シルヴィアの叔父にして、彼女の親兄姉を殺した男。
ドミニクはブルーム家の秘伝の術式『異界転生』の術式を使って、王家を転覆させ自分が王になろうと企てた。
どこぞの大名が幕府を転覆させるみたいなものだろう。
随分大逸れたことを思いついて実行しようとしたもんだと最初は思ったが、転生者の力を考えてみれば――何より8人もいれば、なるほど不可能ではないかもしれない。
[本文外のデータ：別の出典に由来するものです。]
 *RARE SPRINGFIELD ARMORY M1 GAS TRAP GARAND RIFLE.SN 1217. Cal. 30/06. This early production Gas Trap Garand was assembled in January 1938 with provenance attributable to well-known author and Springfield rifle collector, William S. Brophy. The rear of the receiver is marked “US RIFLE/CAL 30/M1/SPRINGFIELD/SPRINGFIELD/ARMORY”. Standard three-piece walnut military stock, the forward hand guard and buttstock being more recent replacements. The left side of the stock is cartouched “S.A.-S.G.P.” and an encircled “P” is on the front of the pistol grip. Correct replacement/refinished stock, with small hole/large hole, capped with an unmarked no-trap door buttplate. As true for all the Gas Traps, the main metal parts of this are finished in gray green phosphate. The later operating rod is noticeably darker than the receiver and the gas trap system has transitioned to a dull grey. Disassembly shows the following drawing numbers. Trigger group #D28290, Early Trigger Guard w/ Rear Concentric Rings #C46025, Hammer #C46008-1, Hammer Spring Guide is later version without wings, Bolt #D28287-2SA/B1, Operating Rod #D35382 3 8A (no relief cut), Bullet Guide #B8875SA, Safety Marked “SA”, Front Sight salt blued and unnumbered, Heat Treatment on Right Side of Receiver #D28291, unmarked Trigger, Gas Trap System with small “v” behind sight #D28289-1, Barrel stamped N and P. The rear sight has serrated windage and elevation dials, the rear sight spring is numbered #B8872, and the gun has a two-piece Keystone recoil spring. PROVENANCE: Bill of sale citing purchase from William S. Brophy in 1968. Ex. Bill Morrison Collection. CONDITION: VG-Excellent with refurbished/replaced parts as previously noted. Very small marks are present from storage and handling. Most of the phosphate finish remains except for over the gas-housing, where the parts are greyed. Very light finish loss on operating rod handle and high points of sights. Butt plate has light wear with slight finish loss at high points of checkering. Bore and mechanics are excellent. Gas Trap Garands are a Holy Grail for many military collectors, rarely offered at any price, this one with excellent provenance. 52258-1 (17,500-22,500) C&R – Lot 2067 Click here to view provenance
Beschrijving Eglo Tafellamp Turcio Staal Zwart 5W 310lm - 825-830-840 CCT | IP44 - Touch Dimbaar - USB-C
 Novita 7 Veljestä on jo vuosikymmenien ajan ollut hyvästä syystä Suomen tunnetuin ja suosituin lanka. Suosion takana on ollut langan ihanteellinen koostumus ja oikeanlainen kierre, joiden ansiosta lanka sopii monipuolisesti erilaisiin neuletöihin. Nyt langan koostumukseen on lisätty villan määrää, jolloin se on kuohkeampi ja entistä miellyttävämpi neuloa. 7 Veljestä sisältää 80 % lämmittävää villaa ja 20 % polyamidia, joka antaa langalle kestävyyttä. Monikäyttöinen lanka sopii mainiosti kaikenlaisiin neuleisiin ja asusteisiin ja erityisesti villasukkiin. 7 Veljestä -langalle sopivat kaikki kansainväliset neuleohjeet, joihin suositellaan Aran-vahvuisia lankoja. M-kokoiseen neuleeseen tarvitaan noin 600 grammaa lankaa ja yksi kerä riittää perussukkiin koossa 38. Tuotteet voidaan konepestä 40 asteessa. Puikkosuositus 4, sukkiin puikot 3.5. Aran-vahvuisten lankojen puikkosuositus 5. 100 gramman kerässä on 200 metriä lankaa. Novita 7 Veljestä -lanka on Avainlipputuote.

少なくとも、こっちも転生者を召喚して対応しなければと思う程度には。
だからこそツバキが呼ばれた。
あちらは剣豪だの騎士だの聖女だの、誰も彼もも英傑揃いなのにこちらはただの人斬りというのが少々情けないが、最終的に転生者8人全員斬れたのでその分の不運は巻き返せたと言っていいだろう。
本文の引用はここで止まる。